Now we want to visualize the data. But we need to bring the data into memory for that. Luckily, this is no problem as there is a convenient to_memory function provided with the AnnData object. Also, we once again note the presence of an X_csc layer - the X layer is sparse CSR format which will not be very good for reading column data efficiently. Thus we use the X_csc matrix for fast access to full cell information given a subset of genes of interest.

Note

If you used the load_annotation_index=False argument to read in the data, you definitely don’t want to drop the obs_names and var_names columns as they are not the in xarray.Dataset.coords and therefore will be dropped otherwise. Downstread, this will prevent e.g., subsetting by gene names.

obs_keys_to_exclude = [
    v for v in gene_subset_adata.obs.keys() if v not in ({ "Annotation" }).union({ "obs_names" } if not load_annotation_index else {})
]
data_for_memory = ad.AnnData(
    obs = gene_subset_adata.obs.drop_vars(obs_keys_to_exclude),
    obsm = gene_subset_adata.obsm,
    var = gene_subset_adata.var.drop_vars(set(gene_subset_adata.var.keys()).difference({ "var_names" } if not load_annotation_index else {})),
    X = gene_subset_adata.layers["X_csc"]
) 
gene_subset_adata_in_memory = data_for_memory.to_memory()

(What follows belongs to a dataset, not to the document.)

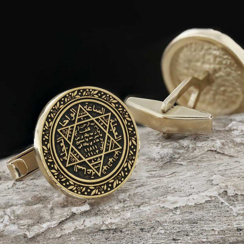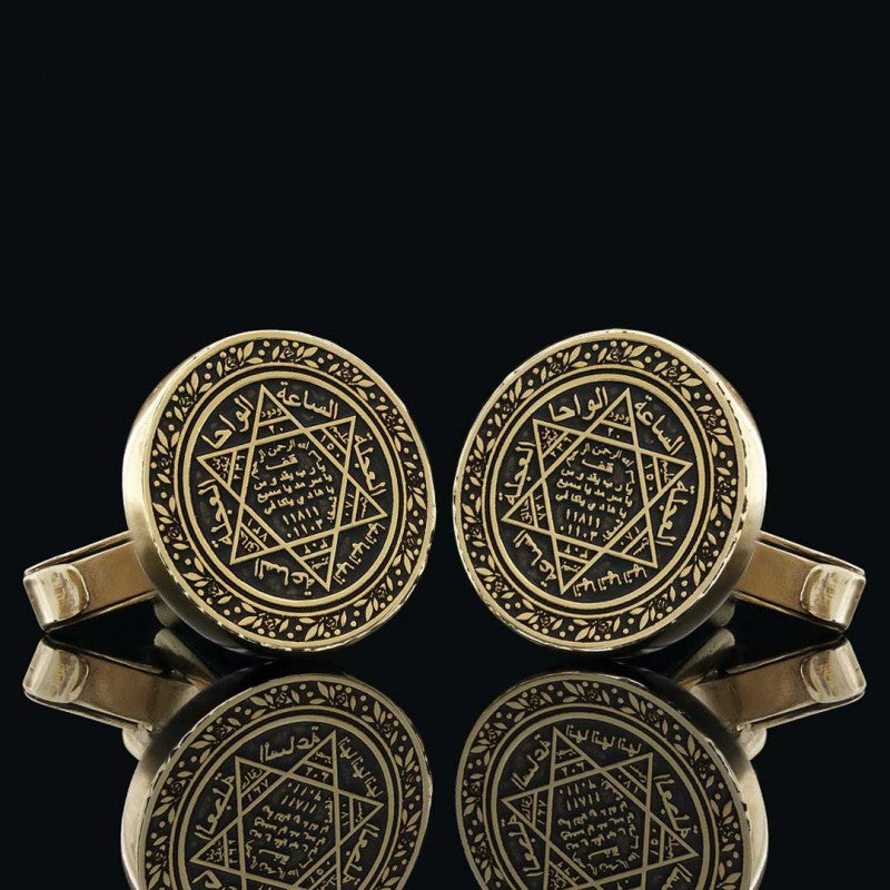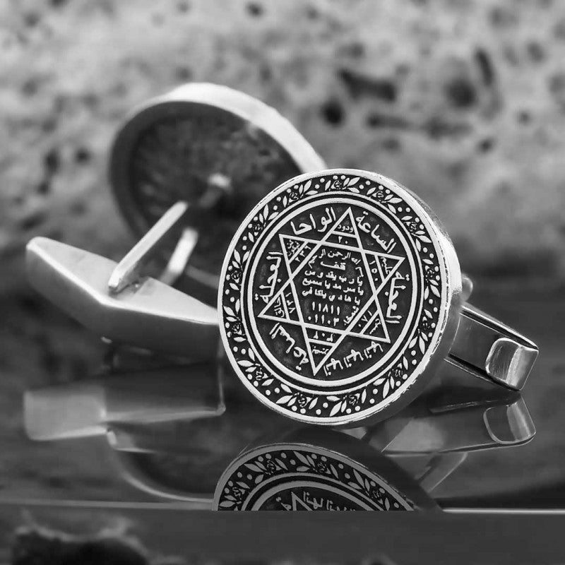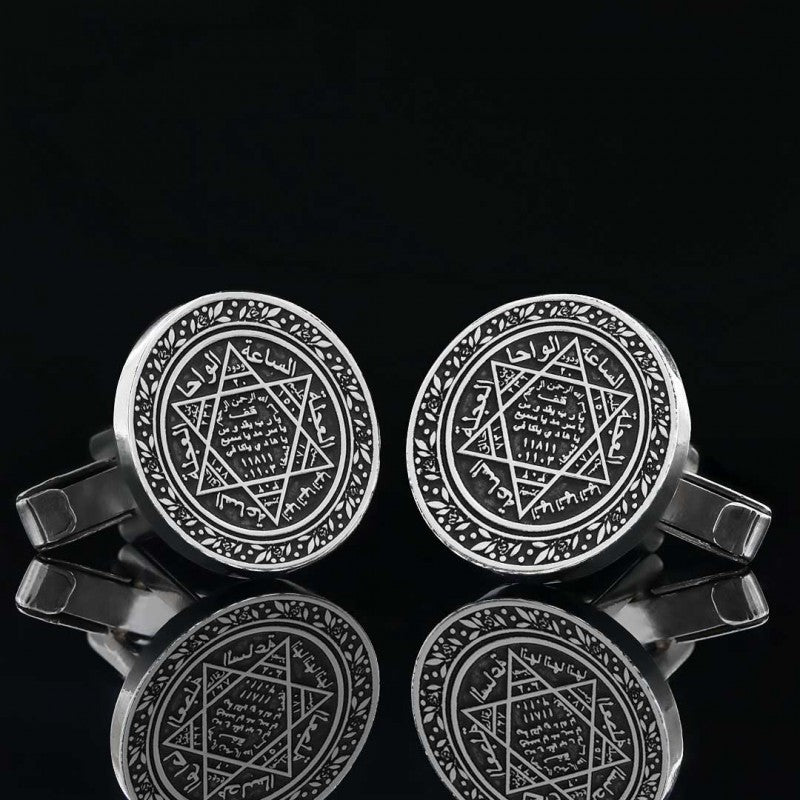 Seal Of Solomon Round Engraved Cufflink

Note the data accessed (see the first cell with the store declaration for cell in which this was printed) - basically only UMAP coordinates and a few chunks of the underlying sparse data. The above should have only taken about 5 seconds. Finally, we can use this in-memory object in scanpy to visualize the data. Indeed, the genes only show up in subsets of the clusers because the paper reports a finer grained cell typing than is given in the AnnData object. For example, from the paper, “preliminary phenotyping of CD4 T cell subsets revealed…regulatory (FOXP3, CTLA4)….cells.” And indeed, we see those genes appearing within, but not overall in, the CD4+ T-Cell cluster.

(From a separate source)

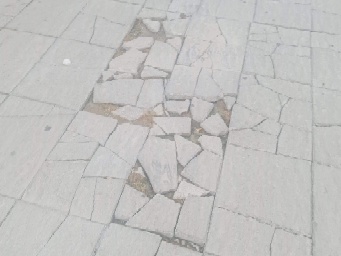 Reponer acerado que revientan los coches al entrar los vehículos, ya que no ponéis los bolardos que están aprobados y han vuelto a aprobar y parece que teneis miedo de hacer algo en estas zonas
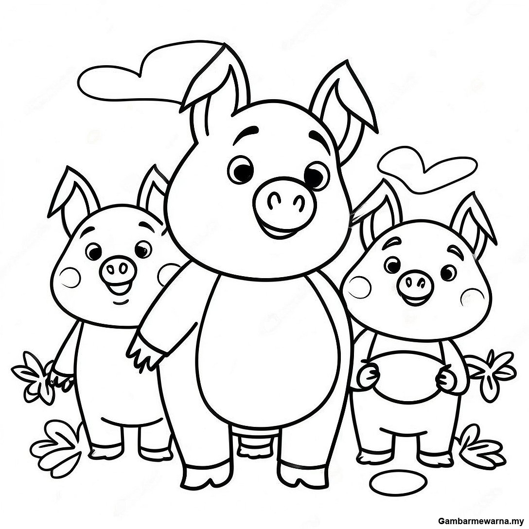Halaman Mewarna Tiga Babi Kecil Yang Gembira

sc.pl.umap(gene_subset_adata_in_memory, color="Annotation")

../../_images/d183410acee7695f8a8b8c30b7b25bb0de2c650abe0764fa64abe1ddb1bd5b5e.png

sc.pl.umap(gene_subset_adata_in_memory, color=genes, ncols=1)

../../_images/83ddefeaf64e10358d211b8bf24638006a9afb4a15f829ba6ca6daa968b35734.png

In the future, we will work on enabling xarray across X, obsm, and all other attributes to give a truly unified API (currently, the obsm, varp etc. classes are still the same, albeit lazy). Furthermore, we hope to allow for point-to-point writing as well as overwriting i.e., without having to read the data into memory. Onwards!